Leach: I don't think a lot of companies are aware of how they handled the data carefully at the outset. You spend less time on data management, annotations, and organization, which can affect how you use data. We see from a statistic that when our project is completed five months later, no one is going to look at the data. What do you do with your data for the past two years? Erase him? Or a new organization? Given the current drop in data storage costs, we can store this data.

Q: Maybe that's what you're talking about, when people start to face big data, they tend to be short-sighted?

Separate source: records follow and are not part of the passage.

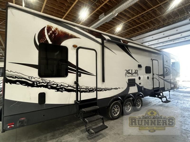 This local, one owner Thunderbolt toy hauler has just arrived at Runners RV!
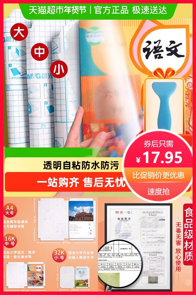 【晨光大中小全套30张磨砂书皮+课程表+57枚晨光姓名贴+平推器】免裁自粘,防滑磨砂包书皮,多种规格,安全环保,尺寸齐全,小孩子也能动手包好,环保水性胶水,粘性适中,不伤书本~
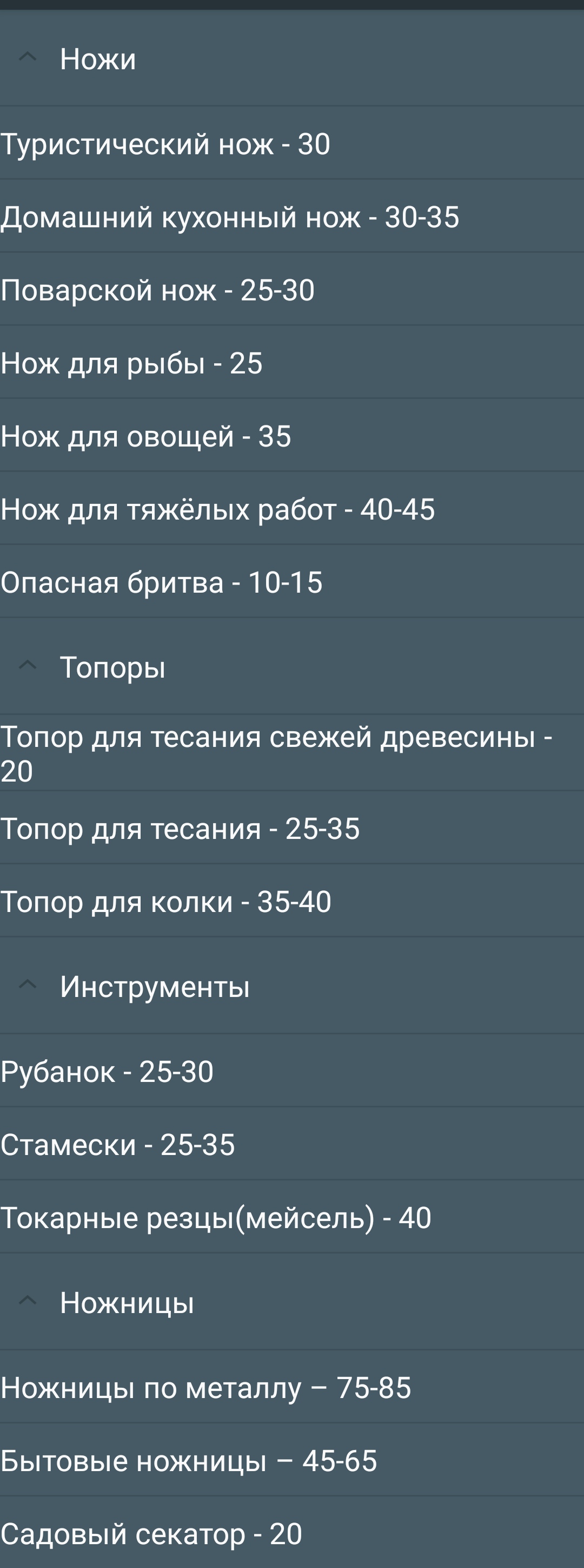 Я затачиваю 25-30 обычно. Чем тверже сталь, тем угол больше, хозяйственники и охотничьи 40-45.
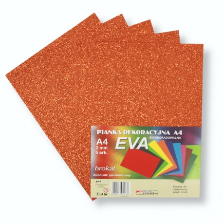 Artykuły Ozdobne i Kreatywne » Filc Pianka Guma » Arkusze z pianki i z gumy » PIANKA EVA BROKAT A4 POMARAŃCZOWA BGLE-004 BIODEGRADOWALNA a5
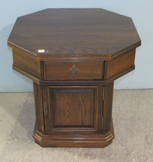 828 Ethan Allan Pedestal Style Side Table with One Drawer and One Door
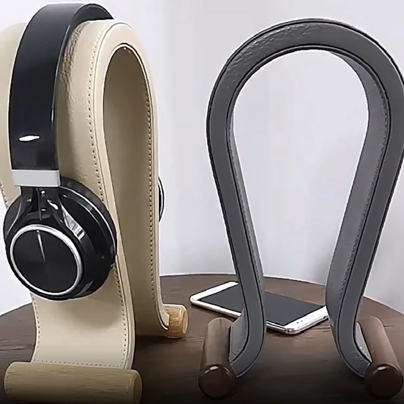 Comprar Soporte de cuero para auriculares en forma de U, soporte de mesa para auriculares, soporte de exhibición para auriculares para juegos de PC, colgador de estante, blanco crema
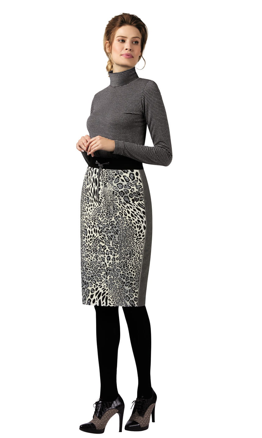 Pas wykonany z czarnej, ściągaczowej dziany, z wciągniętym szarym troczkiem do ewentualnego ściągnięcia i zawiązania. Na przodzie materiał w biało-szaro-czarną panterkę. Tył gładki, cały w szarym kolorze. Pionowe szwy przeszyte dekoracyjnym, srebrnym przeszyciem. Dół podwinięty, bardzo ładnie zakończony tzw. bezszwową metodą. Z tuniką 103661 lub bluzą 103660 tworzą bardzo ładny komplet damski.
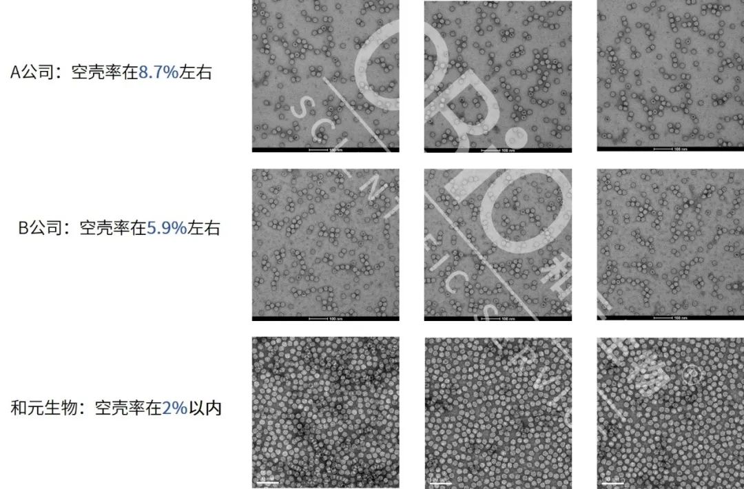 2021年,我们选择同一载体、不同生产厂商的腺相关病毒,发起了空壳率双盲测试,电镜结果显示,米乐生物的腺相关病毒空壳率远低于行业一线品牌。
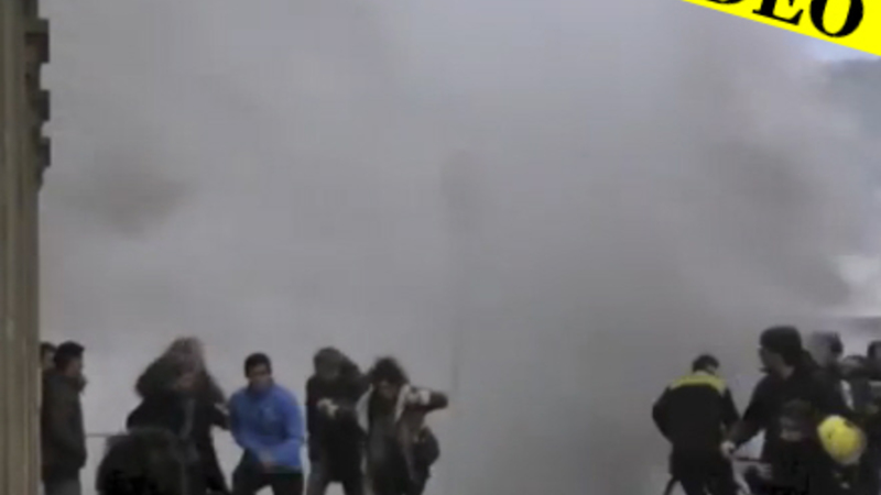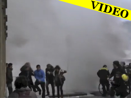 Journalister og fotografer blev smadret op mod en bygning af en kæmpe bølge, da de ville rapportere nyheder om det vilde vejr. Selv om der i d...
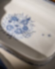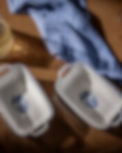 Duka flott med vår såskanna i kollektionen Aspvik och servera kall eller varm sås ur kannan. Såskannan har en elegant fot som gör den extra ståtlig. Aspvik är en blåvit dröm i himmelska nyanser designad av Micael Bindefeld med blå blomstrande illustrationer av Anna Handell.
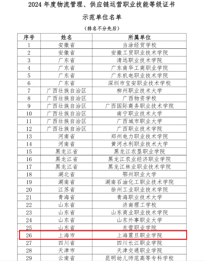 近日,北京中物联物流采购培训中心公布了2024年度物流管理职业技能等级证书先进单位名单,我校荣获2024年度物流管理职业技能等级证书“示范单位”。
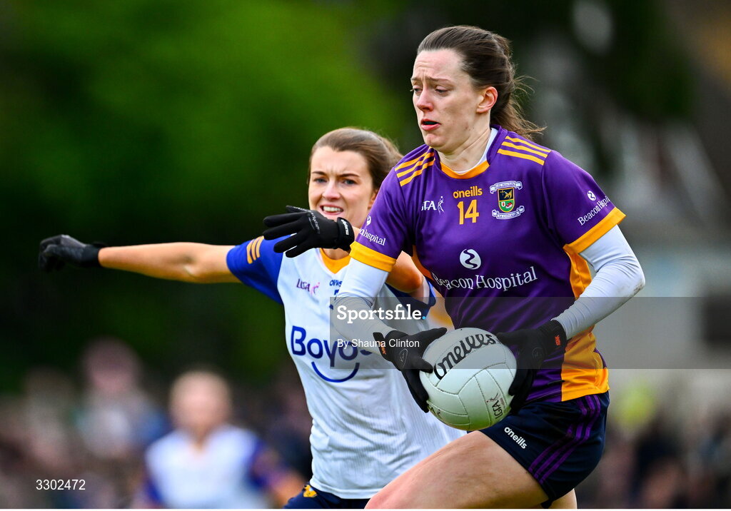 30 November 2025; Michelle Davoren of Kilmacud Crokes in action against Niamh McIntosh of St Ergnat's, Moneyglass during the 2025 AIB All-Ireland Ladies Football Club Senior Club Championship semi-final match between Kilmacud Crokes of Dublin and St Ergnat’s of Antrim at Páirc de Burca in Stillorgan, Dublin. Photo by Shauna Clinton/Sportsfile
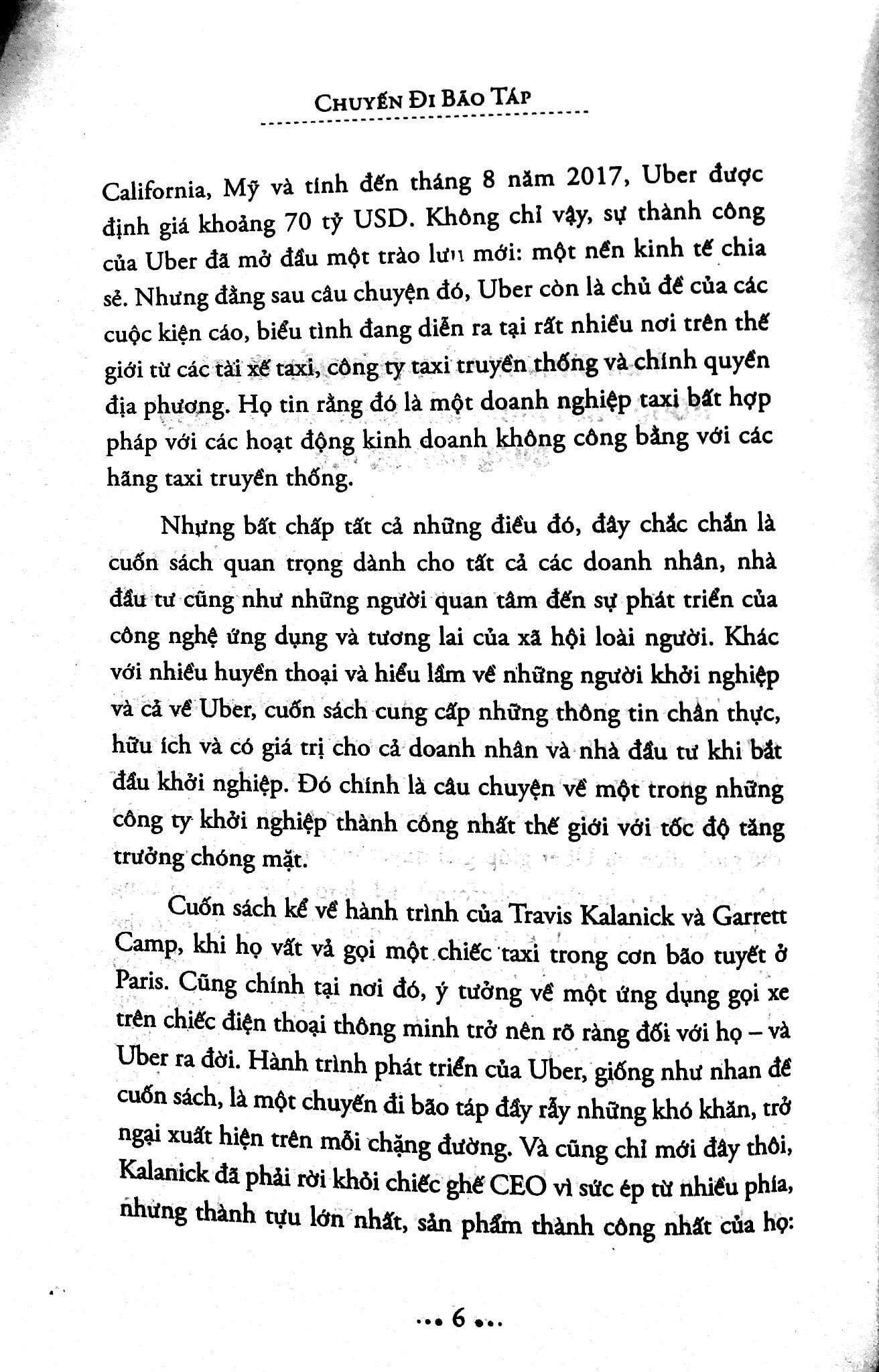 Trong Chuyến đi bão táp, Adam Lashinsky – cây bút kỳ cựu của Fortune sẽ vén tấm màn tăng trưởng chóng mặt của Uber từ xuất phát điểm khó khăn đến những kế hoạch mở rộng dịch vụ dựa trên nền tảng và mạng lưới sẵn có của công ty. Uber đang chiến đấu với các đối thủ và nhà cầm quyền khắp nơi trên thế giới để chiếm lĩnh thị trường; họ đã đối mặt với những cuộc biểu tình ở các thành phố lớn như Paris, Rio de Janeiro và Mumbai. Họ đã đối đầu và thất bại trong cuộc chiến đắt đỏ và hao tâm tổn trí với Didi ở thị trường Trung Quốc. Uber cũng tuyển những kỹ sư từ các viện nghiên cứu hàng đầu để phát triển chiếc xe tự hành có khả năng thay thế những tài xế mà họ đã nỗ lực để tuyển dụng.
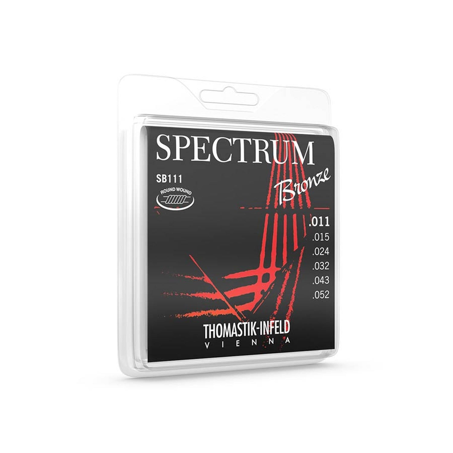 Thomastik Infeld THSB-111 snaren set acoustic, bronze roundwound, 011-015-024-032-043-052 The ultimate bronze round wound acoustic snaar! The SPECTRUM BRONZE snaars are specially designed for the demands of professional recording, yet is also unsurpassed in live performance situations. A unique bronze formula, combined with THOMASTIK-INFELD’s mastery of mechanical filtering with their silk inlay technology, gives a full warm tone, with a sparkling clarity that lets you cut through a dense sound mix. Playing feel is very balanced, and they are surprisingly long lasting.
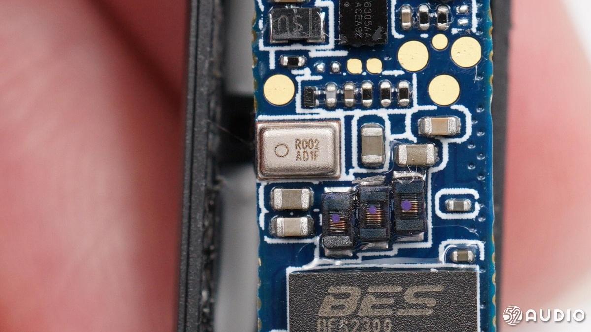 耳机主板位于右侧线控板腔体内,主控芯片为BES恒玄BES2300,集成自适应主动降噪技方案,支持蓝牙5.0,一颗芯片实现高音质和主动降噪效果;输入采用瀚昕微 HP2601 过压保护及锂电池充电器前端保护IC,还采用了赛微CW6305锂电池充电IC,赛微CW2017 电量计芯片等。
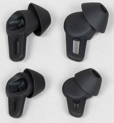 Насадки удерживаются крупным выступом в основании звуковода. Снять и поставить на место их при этом не очень сложно. Сам звуковод стал короче, на боковой поверхности появилось дополнительное отверстие — видимо, оно является частью анонсированной производителем «конструкции с четырьмя звукопроводящими трубками», призванной сделать звучание гарнитуры более качественным.
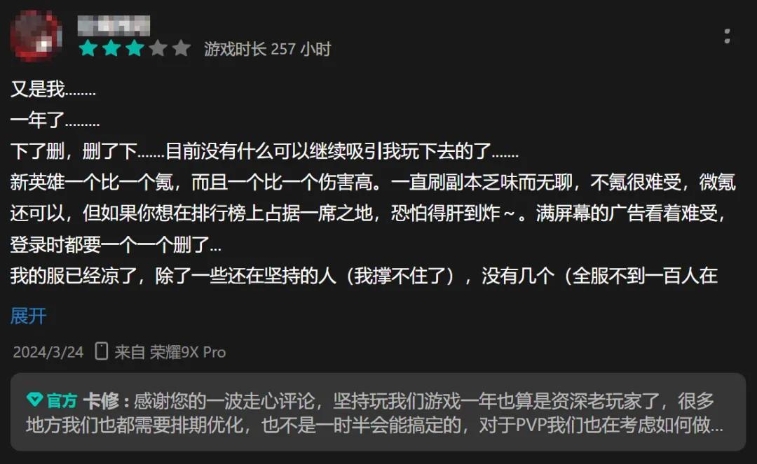 葡萄君:《火3》上線之後,玩家對它有一些比較負面的評價,你看過嗎?
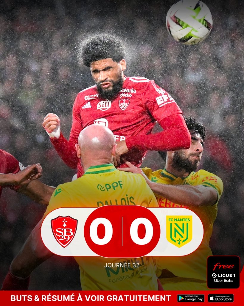 Μια εβδομάδα μετά τη νίκη, με το εντυπωσιακό 5-4, στην έδρα της Ρεν, η ευχάριστη έκπληξη του εφετινού πρωταθλήματος, η Μπρεστ, άφησε δυο βαθμούς με το, εντός έδρας, 0-0. Πλέον, παραμένει τρίτη, αλλά, η Λιλ, με νίκη τη Δευτέρα, θα βρεθεί εκείνη στη τρίτη θέση.

Leach: It's not just the IT department that's short-sighted, it's the same with data collectors. IT departments are responsible for data collection, from an IT point of view, IT departments will not consider the long-term, but the collectors are only focused on the current data, or focus on the data they collected.

Q: In order to achieve the goal of large data, you need to collect enough data, the more your mobile phone, the more accurate the prediction, you can understand this?

Leach: Yes, big data is just "big" if you can really handle it.

(Responsible editor: The good of the Legacy)

Related Article

Contact Us

The content source of this page is from Internet, which doesn't represent Alibaba Cloud's opinion; products and services mentioned on that page don't have any relationship with Alibaba Cloud. If the content of the page makes you feel confusing, please write us an email, we will handle the problem within 5 days after receiving your email.

If you find any instances of plagiarism from the community, please send an email to: info-contact@alibabacloud.com and provide relevant evidence. A staff member will contact you within 5 working days.

A Free Trial That Lets You Build Big!

Start building with 50+ products and up to 12 months usage for Elastic Compute Service

  • Sales Support

    1 on 1 presale consultation

  • After-Sales Support

    24/7 Technical Support 6 Free Tickets per Quarter Faster Response

  • Alibaba Cloud offers highly flexible support services tailored to meet your exact needs.